Like Splash, the standard chain-operated finishes are the keenly priced options; motorised variants are present but priced at a premium. The fabric is the same class - plain polyester roller, light-filtering, functional rather than decorative.

The practical difference between Splash and Bella comes down to your colour requirements. If Empire or Midnight (both in Splash) covers what you need, the slightly lower from-price there is worth taking. If you're after Duck Egg, Hessian, Boujee, or Vellum - all present in Bella but not Splash - then Bella is the obvious pick without any meaningful quality trade-off. Both are available from the same retailer, so comparing them side by side before ordering is straightforward. The premium-tier motorised finishes in Bella follow the same pattern as Splash: they're on the same fabric but the mechanism cost makes them a materially different product at a materially different price.

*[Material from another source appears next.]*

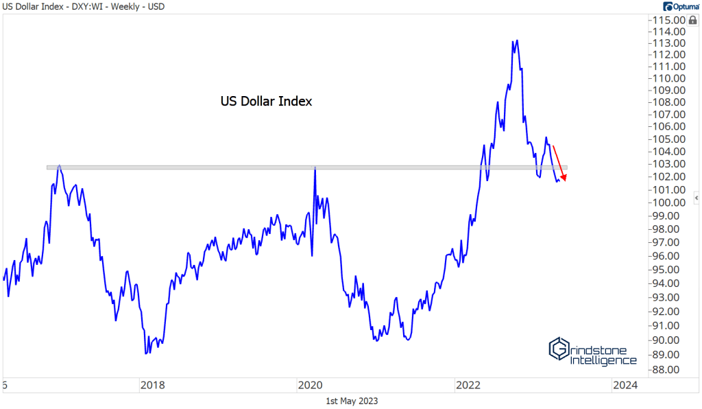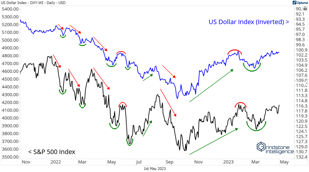 All throughout 2022, the US Dollar was in the driver’s seat. Each time the Dollar Index touched a new high, stock prices fell to new lows. That negative correlation is still very much alive – except those Dollar headwinds have turned into tailwinds. The DXY is at its lowest level since last April.

Best from a major retailer

Roma

at 247 Blinds

A low-priced plain roller from 247 Blinds with a wide colour range.

from £7.15 in 42 colours

Read review →

Roma from 247 Blinds is this guide's pick from a major online retailer. It's a plain roller with 31 solid-colour finishes and a from-price of £7.15, making it genuinely competitive with the Blinds By Post entries above. The colour names - Athens Grey, Heritage Cream, Horizon Blue, Fuscous Grey, Tuscan Rose, Rhino Grey - suggest a range aimed at interior-matching rather than pure utility, which is useful when you need to match existing décor.

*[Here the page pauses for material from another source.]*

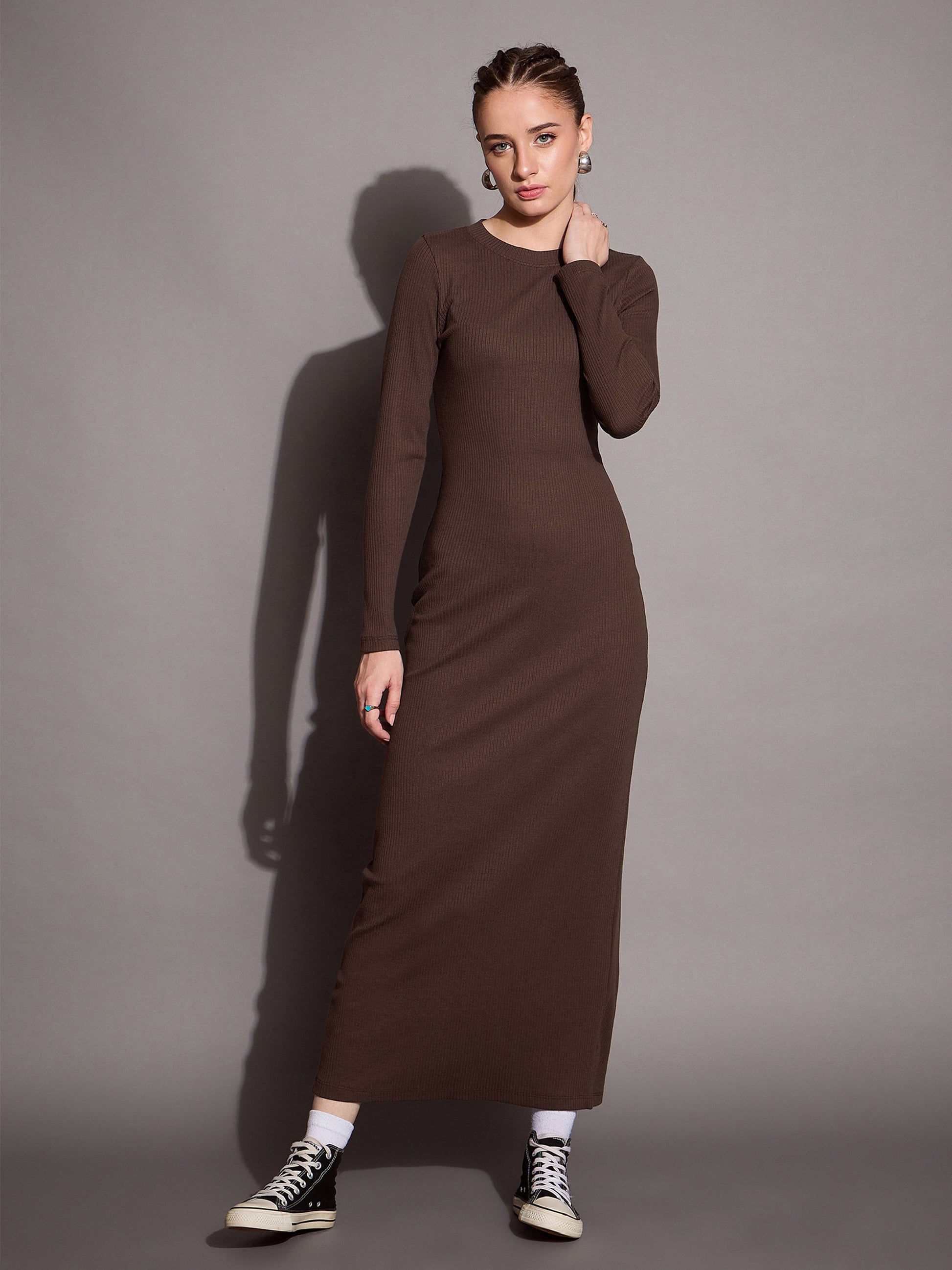 Women Brown Ribbed Bodycon Maxi Dress

The case for Roma over the Blinds By Post picks is largely about where you prefer to shop. 247 Blinds is a well-known name in UK made-to-measure, and if you're already buying something else from them - or if you've had a good experience there before - consolidating your order makes sense. The variant count (31) is smaller than Bella's 55 but still covers the main neutral and colour families; the absence of motorised variants at all in this range keeps the pricing structure simple.

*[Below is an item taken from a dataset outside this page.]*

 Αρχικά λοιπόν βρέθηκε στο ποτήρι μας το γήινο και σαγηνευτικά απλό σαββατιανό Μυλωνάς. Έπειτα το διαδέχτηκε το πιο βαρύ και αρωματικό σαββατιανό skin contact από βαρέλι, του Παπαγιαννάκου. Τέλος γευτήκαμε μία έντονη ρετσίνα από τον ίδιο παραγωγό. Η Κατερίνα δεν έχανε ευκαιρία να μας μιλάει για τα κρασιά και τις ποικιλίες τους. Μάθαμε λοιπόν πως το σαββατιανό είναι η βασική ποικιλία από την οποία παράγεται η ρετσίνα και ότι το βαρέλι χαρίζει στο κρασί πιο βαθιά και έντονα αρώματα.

Where Roma differs from both Blinds By Post picks is in the colour palette character. The names lean more explicitly towards named interior-paint shades and specific hues - Fuscous Grey, Tuscan Rose, Heraklion - whereas Splash and Bella use more abstract colour names. Neither approach is better; it's a matter of how you prefer to match colours when ordering online without a physical sample in your hand. On this range, per-size pricing can be checked for your exact window dimensions before ordering, which makes it easier to compare directly against the other picks at your actual window size rather than relying on from-prices alone.

What we didn't include

All three picks are made-to-measure roller blinds in a plain polyester fabric. We've kept the guide to that format deliberately because rollers are the most practical option at the budget end of the market - they're straightforward to fit, work in almost any room, and the made-to-measure process keeps waste low.

Venetian blinds in aluminium can be found at similar price points, but the slat mechanism adds installation complexity and the ongoing cleaning requirement makes them a different trade-off from a fabric roller. We haven't included them here.

Ready-made off-the-shelf blinds sold in fixed standard sizes can undercut even these from-prices, but they require cutting down to fit or accepting an imprecise fit within the recess - a process that puts some buyers off and can look untidy if the fit isn't close. The ranges in this guide are all made-to-measure, which we consider a meaningful practical advantage even at a modest additional cost.

Blackout rollers exist at broadly comparable from-prices, but blackout fabric is a distinct buying decision driven by specific room requirements. If that's what you need, the trade-off analysis is different enough to warrant its own treatment rather than folding it into a general budget guide.